I Crypto U and your files

lcs Mixmaster Remailer mix at anon.lcs.mit.edu
Thu Dec 26 19:20:04 PST 2002


Blah blah blah wrote...

(Begin quote)
"The down side is the concern that they will be doing something unusual. Since there is no mass use of PGP, crypto users do stand out - all 23,000 of us regular users worldwide are well mapped, charted and identified. I don't have a good answer for this. What novice users really want is ANONYMOUS use of crypto, so that they don't raise flags. Then I have to explain about anonymous remailers, whose reliability is nowhere near regular smtp e-mail. The only remaining option is use of public-access internet terminals."
(End quote)

A point I was harping on a few weeks ago (but that seems to have been largely overlooked), is that if the amount of traffic that is encrypted rises exponentially, then those red flags will mean very little (I remember Homer Simpson designing a car and saying: "You know those little balls you put on your antenna to find your car in the mall parking lot? Every car should have one!").

One leverage point for possibly encouraging this to happen is in P2P, methinks. A few power-users have been prosecuted recently, so imagine a nice little crypto-tunnel (and mp3 disc-encryptor) app that could easily be injected into the Kazaa or other Gnutella-centric browsers. The nice thing here is that if we could get a functioning app, the app itself could be shared and spread variola-like via the P2P networks themselves.

There's the technical difficulty that someone pointed out here that the IP address of both serv-ants is visible. One possible go-around is to have an encrypted tunnel materialize through blacknet, but I strongly doubt this will scale to millions of users very well.

Another possibility includes allowing the user to make only a portion of their content visible to any single user (plus crypto of course), the logic being that 'they' won't come after the millions of regular file sharers.
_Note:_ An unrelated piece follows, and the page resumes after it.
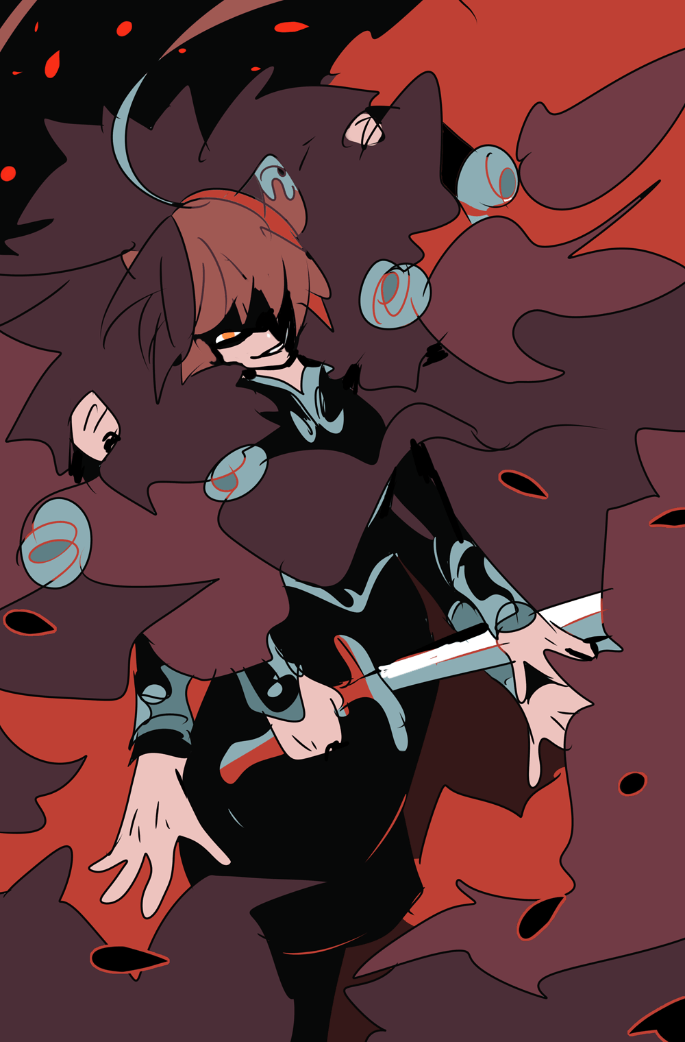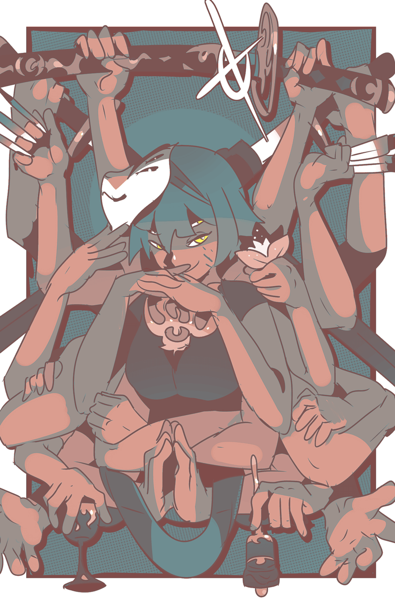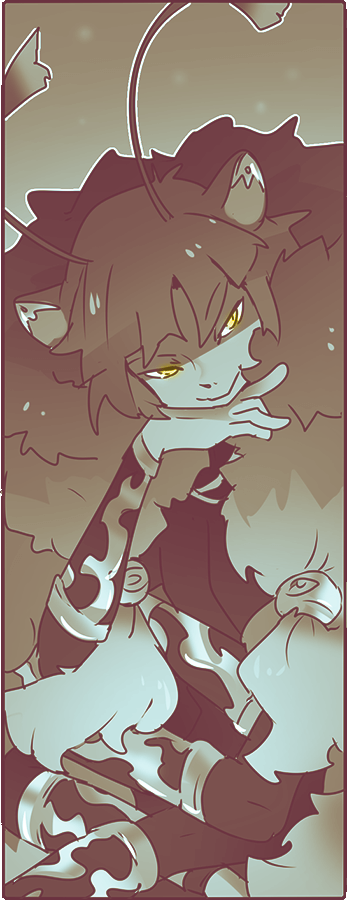 The fanciful queen of the Face Eater shapeshifter clan, one of the oldest remaining families made entirely of natural clones, roaming the snowy mountains. They had won many a historic blood feud, and other shifters tend to stay out of their path. Ran performs their traditional vicious ritual, but their prey are running low so she has been considering moving outward- potential disaster for other shifters who are already having territory spats with humans. Her true feelings are not ever obvious, but she seems to enjoy embarassing (and threatening) her clone/daughter and her friends. And good food!

Any thoughts? If we could develop such an app and roll it over into the file-sharing networks, then the amount of encrypted files being moved around could increase tremendously. ANd then, us law-abiding, flag-saluting supporters of even this governments' insistence on world destabilisation will feel safer in using crypto on a daily basis, because crypto will no longer be the sole provence of cranks, kooks, and libertarians.